A userspace reducer of the same arithmetic and copy loop confirms the
bug under AddressSanitizer: ASan reports a heap-buffer-overflow read
past the source buffer for the buggy length, and the fixed version is
ASan-clean.

Compute the copy length as "to - from" and advance buf_off by the same
amount.

Fixes: 5218cd102aec ("ntfs: update misc operations")
Link: https://learn.microsoft.com/en-us/windows-server/administration/windows-commands/format
Signed-off-by: DaeMyung Kang <charsyam@gmail.com>
Reviewed-by: Hyunchul Lee <hyc.lee@gmail.com>
Signed-off-by: Namjae Jeon <linkinjeon@kernel.org>

ntfs: wait for sync mft writes to complete

ntfs_sync_mft_mirror() and write_mft_record_nolock() with @sync set
are both documented as synchronous, but neither actually waits for
the bio they submit nor inspects bi_status.  write_inode() can
return success while dirty mft record bytes are still in flight, and
bio errors are silently dropped: the volume is not marked with
errors and the inode is not redirtied.  This breaks fsync()/sync
metadata durability.

Switch ntfs_sync_mft_mirror() and the @sync path of
write_mft_record_nolock() to submit_bio_wait() and propagate the
returned error to the caller.  Capture ntfs_sync_mft_mirror()'s
return value at its call sites in write_mft_record_nolock() so a
mirror write failure surfaces too.

The @sync parameter only controls the main MFT bio.  The !@sync main
submission is therefore unchanged and still uses ntfs_bio_end_io() to
drop the folio reference taken before submission.  The mirror call
has always been documented as performing synchronous I/O regardless
of @sync, so making it actually block restores the originally
intended contract for both @sync and !@sync callers.

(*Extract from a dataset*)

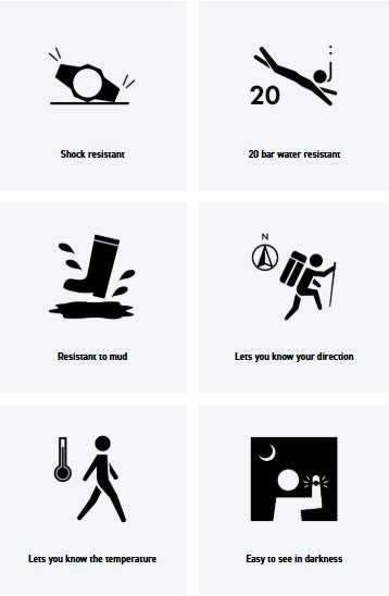 This is a Twin Sensor model from the G-Shock Mudmaster Series, designed for use in extreme environments scattered with rubble, dirt and debris. With a push of one large button at the 3 o'clock position, you can check your position with its Compass. The temperature can also be measured easily by pushing the button at 4 o'clock. This model has been developed with operability in mind so that anyone can intuitively check their position using the Compass, even in the most extreme climates, without visual observation. The dust and mud-resistant button guard cylinder structure prevents fine sand and mud from getting into the buttons while also helping to absorb any shock to the buttons and improving operability. Broad hour/minute hands and indices of large Arabic numerals have also been adopted to improve visibility. This design is packed with military-style flare, including a mode display that uses a sprocket-inspired disk dial and a textured band to prevent slipping.

Note this only fixes the synchronous mirror/main paths reachable
from write_mft_record_nolock().  The main MFT write submitted from
ntfs_write_mft_block() (the .writepages path) still does not wait
for completion or check bi_status; that requires a larger
restructuring and is left to a follow-up patch.

Fixes: 115380f9a2f9 ("ntfs: update mft operations")
Signed-off-by: DaeMyung Kang <charsyam@gmail.com>
Reviewed-by: Hyunchul Lee <hyc.lee@gmail.com>
Signed-off-by: Namjae Jeon <linkinjeon@kernel.org>

ntfs: capture mft mirror sync errors in ntfs_write_mft_block()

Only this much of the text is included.